Rhode Island denied rehearing in truck-only toll lawsuit

March 4, 2020

Tyson Fisher


A federal appeals court denied Rhode Island’s petition for a rehearing in its truck-only lawsuit with the American Trucking Associations.

On Monday, March 2, the First Circuit Court of Appeals denied RIDOT Director Peter Alviti and the Rhode Island Turnpike and Bridge Authority’s petition for rehearing or rehearing en banc (involving all the judges of a court rather than by a smaller panel of them). RIDOT filed the petition on Jan. 2 after the appellate court reversed a lower court’s decision to dismiss the case in December.

In July 2018, ATA, along with Cumberland Farms, M&M Transport Services and New England Motor Freight, filed a lawsuit against Alviti claiming the tolls targeting truckers are unconstitutional. ATA is asking the court to declare the tolls to be a violation of the Commerce Clause and to include an injunction against enforcement of the tolls in the future.

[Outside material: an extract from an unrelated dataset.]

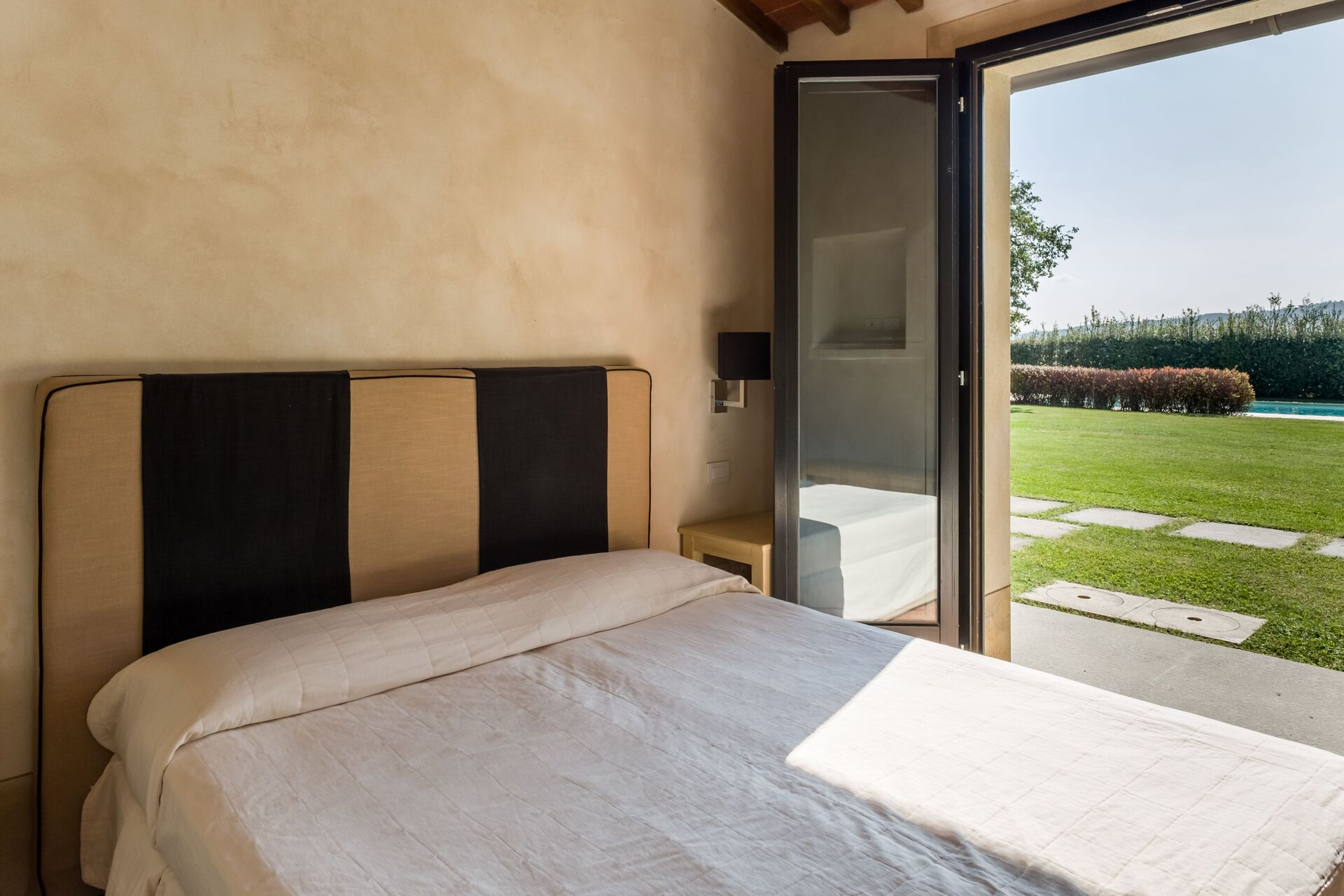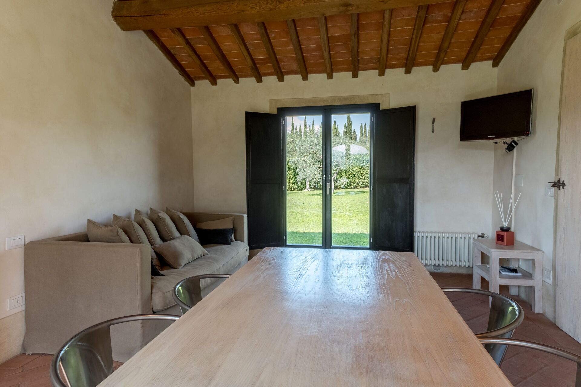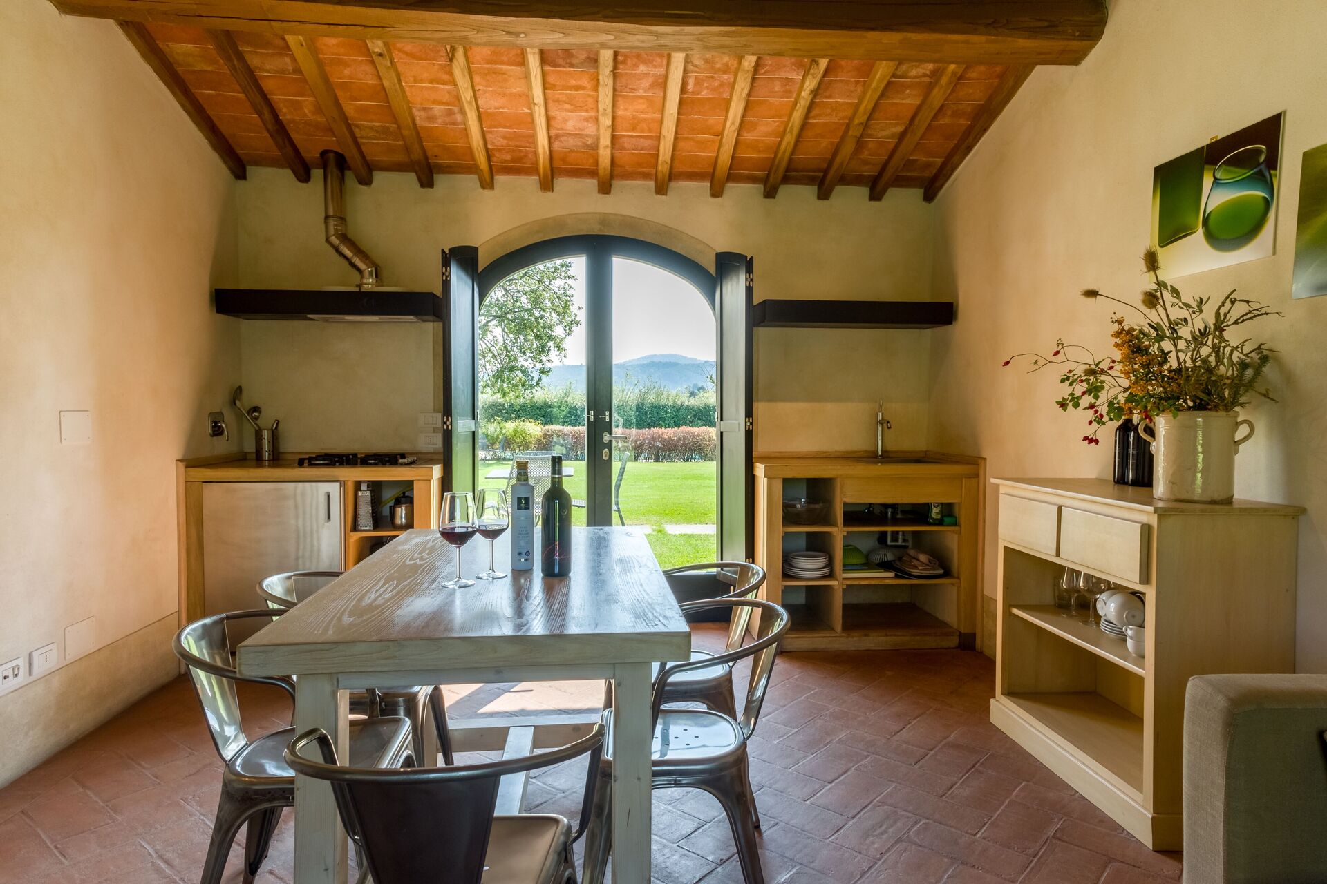 The agriturismo is not the main business of this family, and it shows well. At the arrival the office was very messy and disorganized and the and the welcome was without enthusiasm. The property has little atmosphere of what you may expect from a agriturismo. Inside everything was clean and looked simple but well at first sight. But no woman's hand was involved white the interior design. The quality of the bed was really poor, in fact below acceptable level. It was wobbling in al directions and had no stability what so ever. Several lights where not or only partly working (light bulbs were broken), and in the shower it self no light at all was working. Simple cleaning stuff in the kitchen like dish towels and a dishwashing brush or sponge were not present. For the remote control of the airconditioning unit we had to pay additionally € 10,- per day. What was there though were 6 bottles of wine from the winery with a price list...
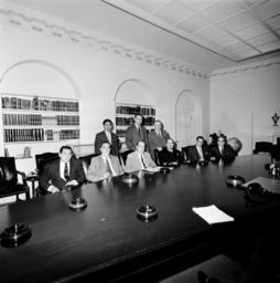 | Keywords: u.s. national archives usnationalarchives jfk presidential library jfkpresidentiallibrary blackandwhite monochrome indoor black and white Original Caption:  Assistant Press Secretary, Jay W. Gildner, with Visitors in Cabinet Room  We are looking for your help in identifying unknown people in our White House Photographs collection. If you have any information about this photograph, please post a comment, including any relevant sources, for the catalogers at the John F. Kennedy Presidential Library. Thank you!  Local Identifier: JFKWHP-ST-224-1-61  Created By: President (1961-1963 : Kennedy). Office of the Naval Aide to the President. (1961 - 1963)   From: President (1963-1969 : Johnson). White House Photograph Office. (1963 - 1969)  Contact:  John F. Kennedy Library (LP-JFK), Columbia Point  Boston, MA 02125-3398  Phone: 617-514-1600  Fax: 617-514-1652  Email: kennedy.library@nara.gov  Production Dates: 10/11/1961  Scope and Content Note: In this photograph Assistant Press Secretary, Jay W. Gildner (center), stands with eight unidentified visitors in the Cabinet Room of the White House, Washington, D.C.  Persistent URL:   JFK Library URL:  www.jfklibrary.org/Asset-Viewer/Archives/JFKWHP-ST-224-1-61.aspx  Access Restrictions: Unrestricted  Use Restrictions: Unrestricted Original Caption:  Assistant Press Secretary, Jay W. Gildner, with Visitors in Cabinet Room  We are looking for your help in identifying unknown people in our White House Photographs collection. If you have any information about this photograph, please post a comment, including any relevant sources, for the catalogers at the John F. Kennedy Presidential Library. Thank you!  Local Identifier: JFKWHP-ST-224-1-61  Created By: President (1961-1963 : Kennedy). Office of the Naval Aide to the President. (1961 - 1963)   From: President (1963-1969 : Johnson). White House Photograph Office. (1963 - 1969)  Contact:  John F. Kennedy Library (LP-JFK), Columbia Point  Boston, MA 02125-3398  Phone: 617-514-1600  Fax: 617-514-1652  Email: kennedy.library@nara.gov  Production Dates: 10/11/1961  Scope and Content Note: In this photograph Assistant Press Secretary, Jay W. Gildner (center), stands with eight unidentified visitors in the Cabinet Room of the White House, Washington, D.C.  Persistent URL:   JFK Library URL:  www.jfklibrary.org/Asset-Viewer/Archives/JFKWHP-ST-224-1-61.aspx  Access Restrictions: Unrestricted  Use Restrictions: Unrestricted  |

Rhode Island gave two reasons for requesting an en banc rehearing:

  1. Consideration is necessary to maintain uniformity of the court’s previous decisions.
  2. Use of the proper formula to reaching a conclusion based on the Tax Injunction Act “serves a central role in balancing state and federal relations and preventing interference with state taxation and state revenue collection.”

According to the petition, the First Circuit court “has consistently set forth a three-factor analysis with a particular emphasis on ‘the revenue’s ultimate use, asking whether it provides a general benefit to the public, of a sort often financed by a general tax, or whether it provides more narrow benefits to regulated companies or defrays an agency’s cost of regulation.’”

More specifically, Rhode Island is referring to the San Juan Cellular test:

  • The classic “tax” is imposed by a legislature upon many, or all, citizens. It raises money, contributed to a general fund, and spent for the benefit of the entire community.
  • The classic “regulatory fee” is imposed by an agency upon those subject to its regulation. It may serve regulatory purposes directly by, for example, deliberately discouraging particular conduct by making it more expensive. Or, it may serve such purposes indirectly by, for example, raising money placed in a special fund to help defray the agency’s regulation-related expenses.
  • For close cases somewhere in between, the focus should be on the ultimate use of the collected money, whether it is used for a general benefit or simply for defraying the cost of a regulation.

Rhode Island argued that the RhodeWorks Act that established the truck-only tolls “was imposed by the Rhode Island General Assembly to raise desperately needed revenue to maintain and repair public bridges.”

The district court dismissed the case based on the Tax Injunction Act. The lower court found that the tolls “are really a highly targeted and sophisticated tax designed to fund infrastructure maintenance and improvements that would otherwise need to be paid by other forms of tax-generated revenue.

“The panel, however, not only reversed the district court’s dismissal but in doing so shifted the (Tax Injunction Act) inquiry from its previous emphasis on the ‘revenue’s ultimate use’ as ‘a general benefit to the public’ to a focus on whether the assessment provides a special benefit to the payer,” the state argues in its petition.

Based on that shift, the state argued, the appellate court should grant an en banc rehearing.

During oral arguments, Rhode Island claimed that the truck-only toll is a tax under the San Juan Cellular test. The state argued a “general public purpose” for the tolls. However, the panel was not satisfied with that argument.

“Here’s the problem with that argument,” Judge Sandra Lynch said. “Every time the government raises money by any mechanism whatsoever, almost by definition it’s for a public purpose. That’s just impossibly broad. That cannot be the test. That is not what Congress said in the Tax Injunction Act.”

RIDOT is now left with two options: petition to the U.S. Supreme Court or face further proceedings in the district court as ordered by the First Circuit.